Clonmel Borstal was established following the recommendations of the 1895 Report of the Departmental Committee on Prisons, more generally known as the Gladstone Committee.[5] In contrast to nearby St. Joseph's Industrial School, Ferryhouse, which had been initiated by Arthur Moore, a local Nationalist and Catholic M.P., the Borstal was promoted by the Unionist and Protestant M.P. Richard Bagwell. Bagwell, a commissioner for education, became the president of the Borstal Association of Ireland, which was founded at Clonmel Town Hall in May 1906.[6] Among other duties, it sought to find employment for those who had completed their sentence.[7]

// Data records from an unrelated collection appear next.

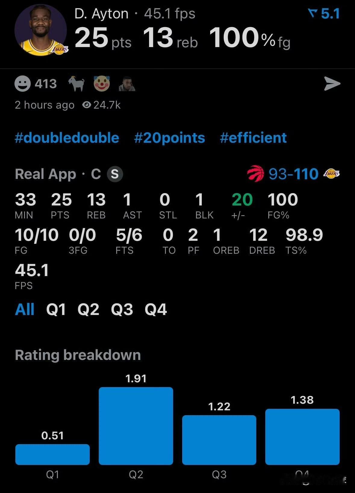 百分百先生—艾顿! 今天,背靠背作战的湖人队以110-93大胜猛龙队,结束了自己的两连败。本场比赛,表现最出色的不是东契奇和詹姆斯两大核心,而是主力中锋艾顿,他全场10投10中,以100%的运动战投篮命中率得到25分13篮板,这两项数据都是全队第一,正负值高达+20。 面对猛龙队的“长人阵”,艾顿强硬的统治了内线,带领球队拿下了比赛的胜利,毫无疑问,这是他加盟湖人队以来表现最为出色的一场比赛,让人大为震撼!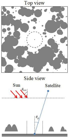 The proposed method is based on the model of radiation transfer in the stochastic cloud field [,]. Within the proposed model, we assume that the radiation is transferred in the plane “atmosphere–ground surface” system (Figure 1).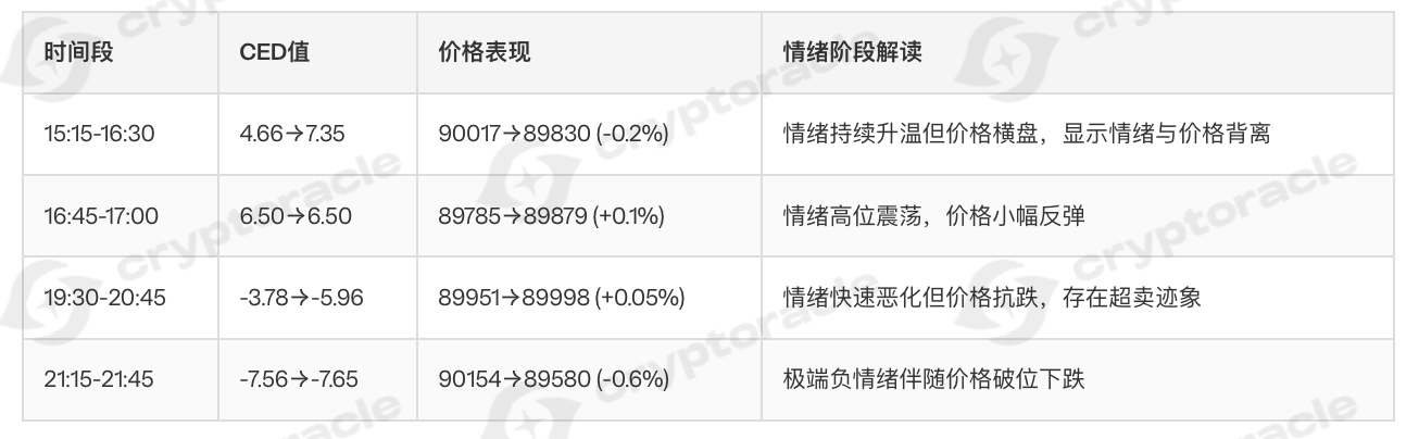 过去24小时内,BTC情绪总体呈现先正后负再反弹的波动格局。情绪CED值在[-7.56, 7.35]区间内震荡,整体偏向中性偏负。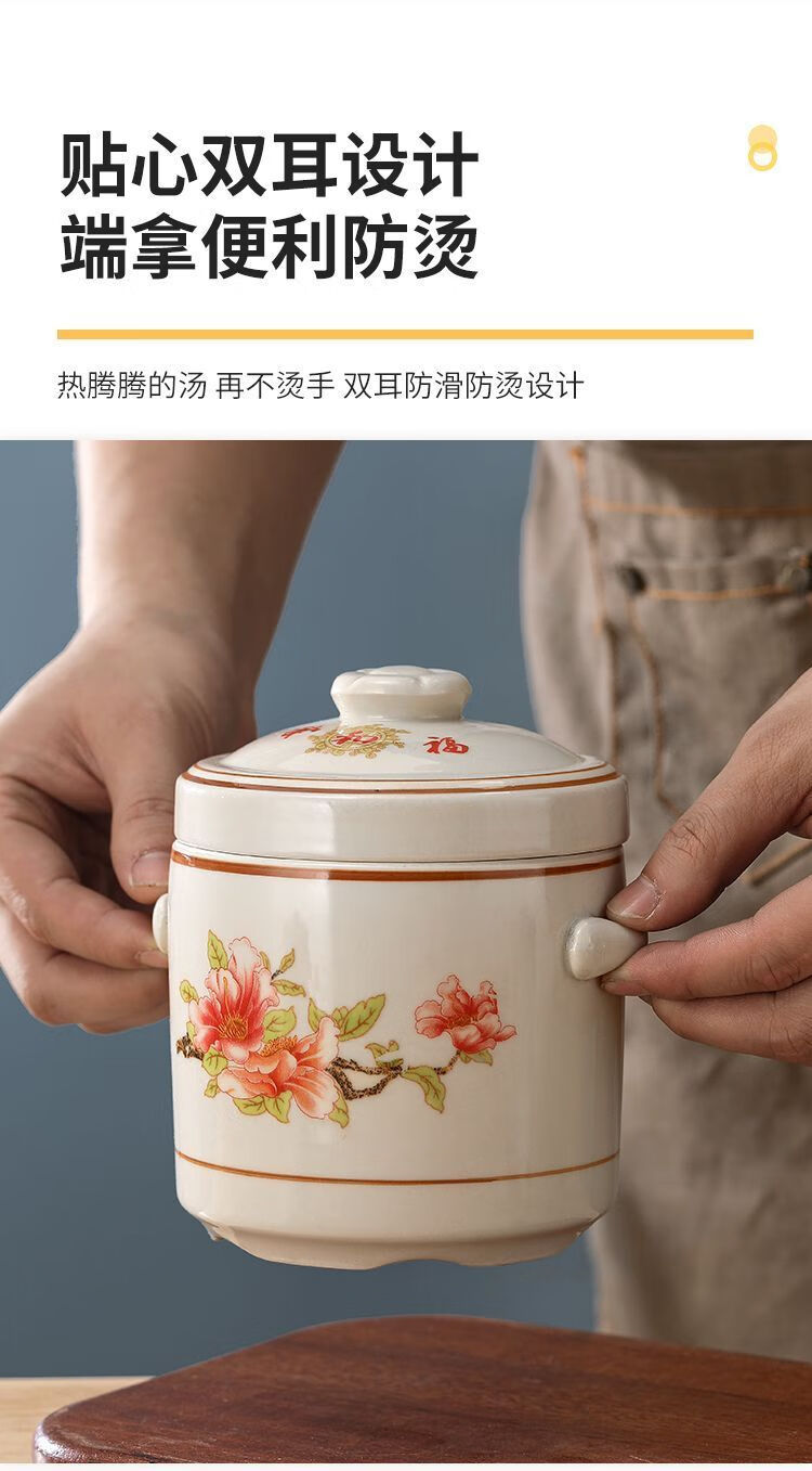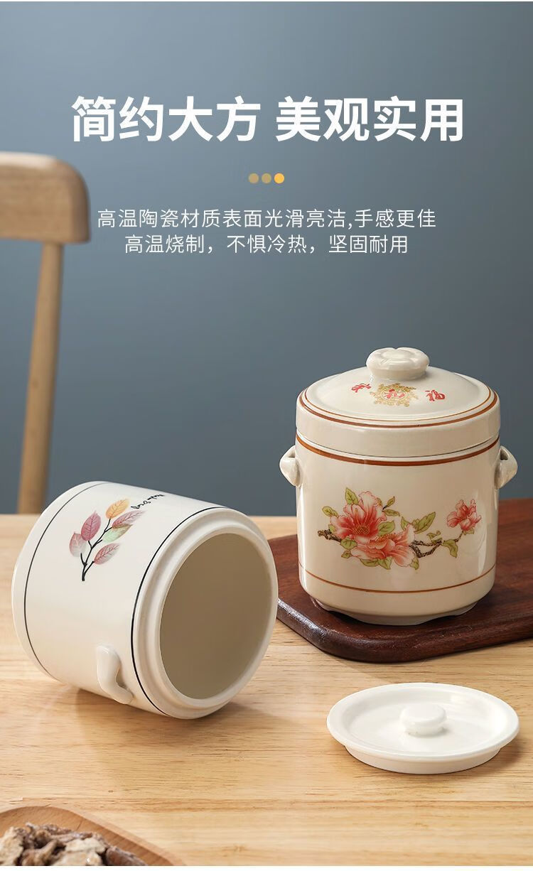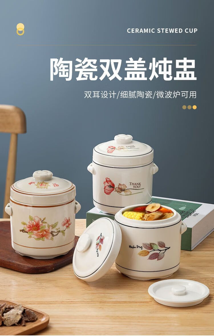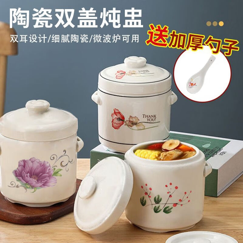 Pupan ceramic double-lid stew pot with water-proof stew household soup stew pot stew pot bird's nest stew earthenware pot stew soup Damei Shun stew pot 1000ml (suitable for 2-3 people)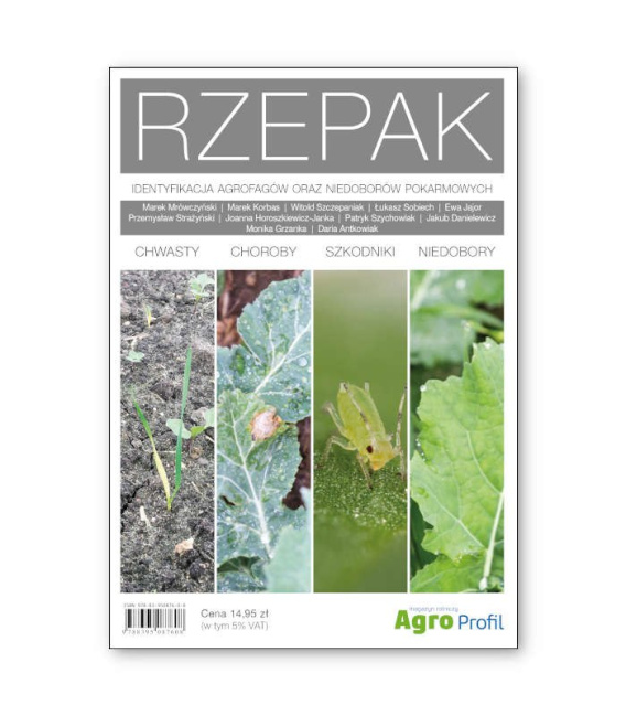 Oprócz agrofagów opisaliśmy także objawy niedoboru składników pokarmowych, na wystąpienie których narażony jest rzepak. Przedstawiamy również sposoby i techniki prowadzenia monitoringu plantacji na obecność agrofagów oraz niedoborów pokarmowych. Publikacja jest obejmuje kompleksowo problemy dotyczące rzepaku ozimego i zawiera fotografie, które pomogą w identyfikowaniu szkodników, chwastów, chorób oraz niedoborów pokarmowych.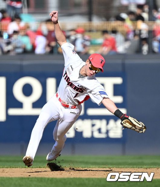 1회초 1사후 김태연의 타구가 약간 튀어오르며 포구에 실패했다. 두 번째가 문제였다. 이어진 2사 1,2루에서 하주석의 타구를 몸을 날려 좌익수 앞까지 굴러가는 것을 막았다. 2루주자가 3루에 머물 수 밖에 없었다. 훌륭한 수비였다. 만루위기가 됐지만 아웃카운트 1개를 잡으면 무실점으로 이닝을 막을 수도 있었다.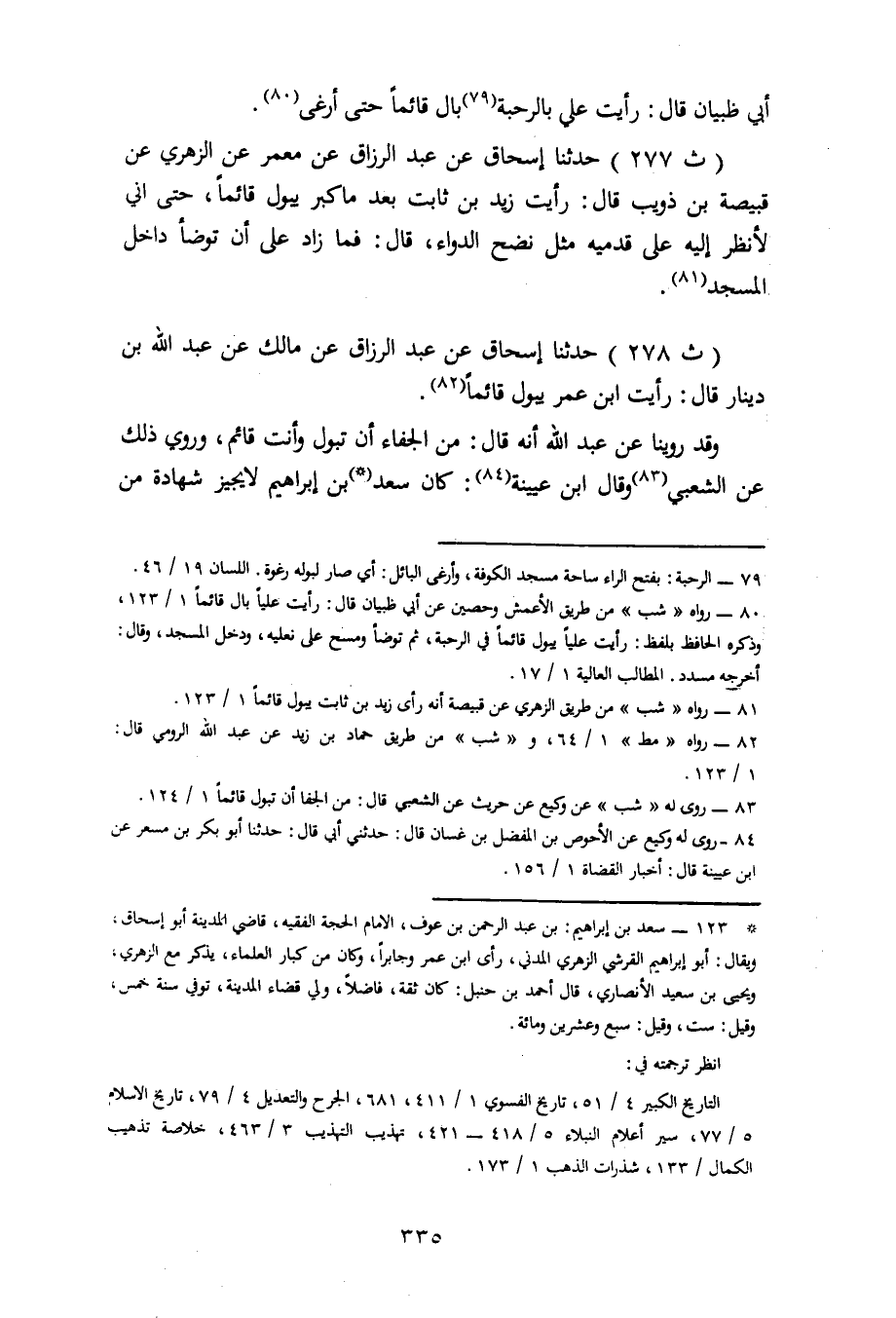 277 - حَدَّثَنَا إِسْحَاقُ، عَنْ عَبْدِ الرَّزَّاقِ، عَنْ مَعْمَرٍ، عَنِ الزُّهْرِيِّ، عَنْ قَبِيصَةَ بْنِ ذُؤَيْبٍ، قَالَ: " رَأَيْتُ زَيْدَ بْنَ ثَابِتٍ بَعْدَ مَا كَبِرَ يَبُولُ قَائِمًا حَتَّى إِنِّي لَأَنْظُرُ إِلَيْهِ عَلَى قَدَمَيْهِ مِثْلَ نَضْحِ الدَّوَاءِ، قَالَ: فَمَا زَادَ عَلَى أَنْ تَوَضَّأَ دَاخِلَ الْمَسْجِدِ "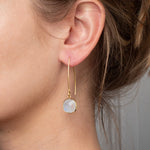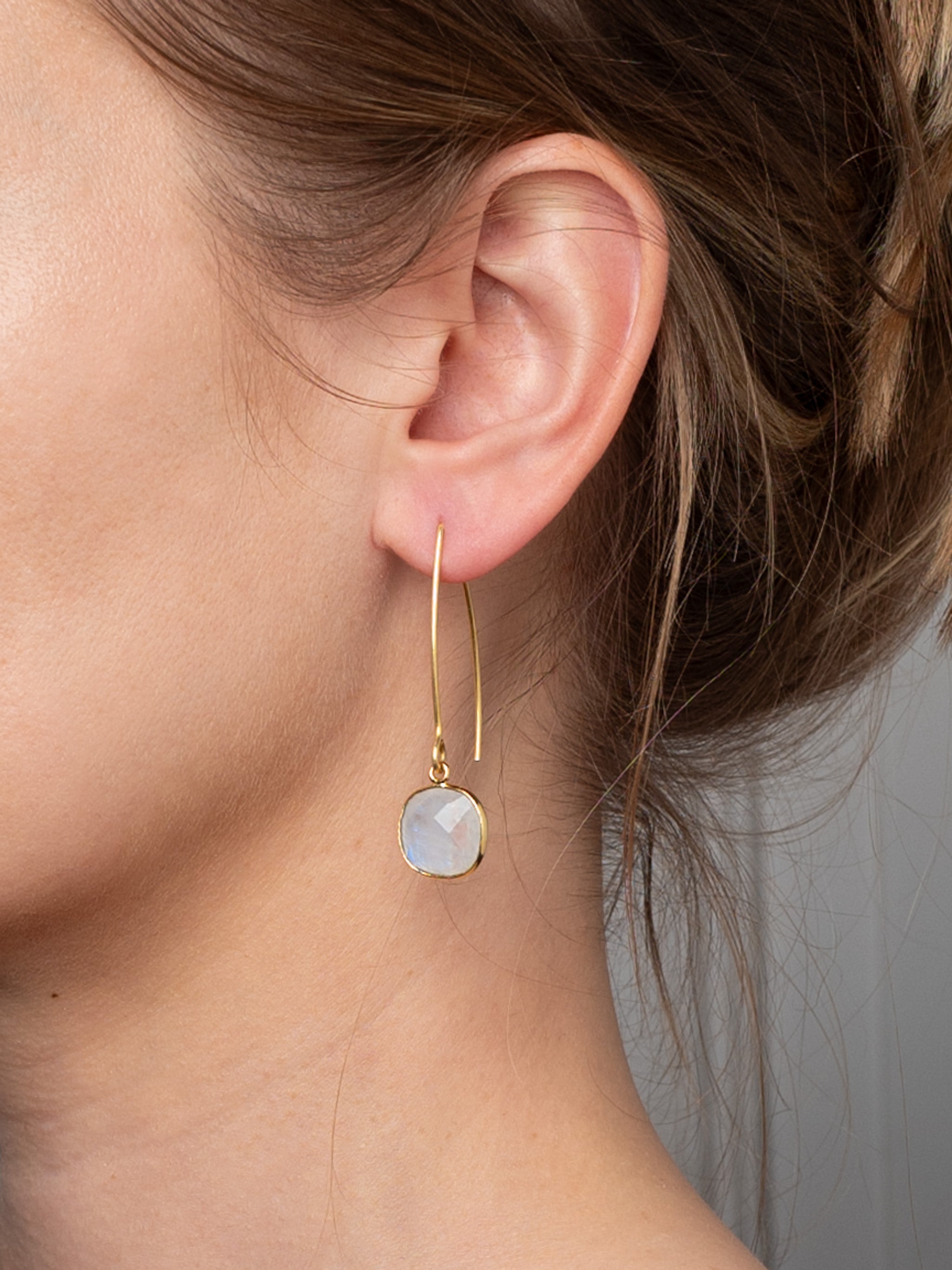 Vergoldete Ohrringe mit Mondstein Anhänger Design. Schöne minimalistische Ohrhänger, die sich durch das dezente Design vielfältig kombinieren lassen. Der Mondstein erzeugt im Licht feine Reflexe in Blau- und Rosetönen, was für einen zusätzlichen besonderen Effekt sorgt.

The institution was modelled on an innovative approach to young-offender reform then being developed at a similar facility at the town of Borstal in England. On the transfer of the adult prisoners to other institutions, the Clonmel Borstal acquired all of the old prison grounds.

Borstal system in Clonmel

The Prevention of Crime Act 1908 envisaged that youths aged between 16 and 21 who were charged with serious offences could undergo a programme of discipline intended to rehabilitate them, segregated from the influence of adult prisoners. The Criminal Justice Administration Act 1914 extended the borstal programme to those charged with less serious offences.[8]

A District Court could not impose a borstal sentence directly but could only recommend to a Circuit Court that a detainee might be considered for borstal. If the Circuit Court judge agreed, he could order the confinement of the youth at the borstal from 2 to 4 years. Unlike Industrial Schools, the borstal was under the authority of a governor and a staff of warders.[9]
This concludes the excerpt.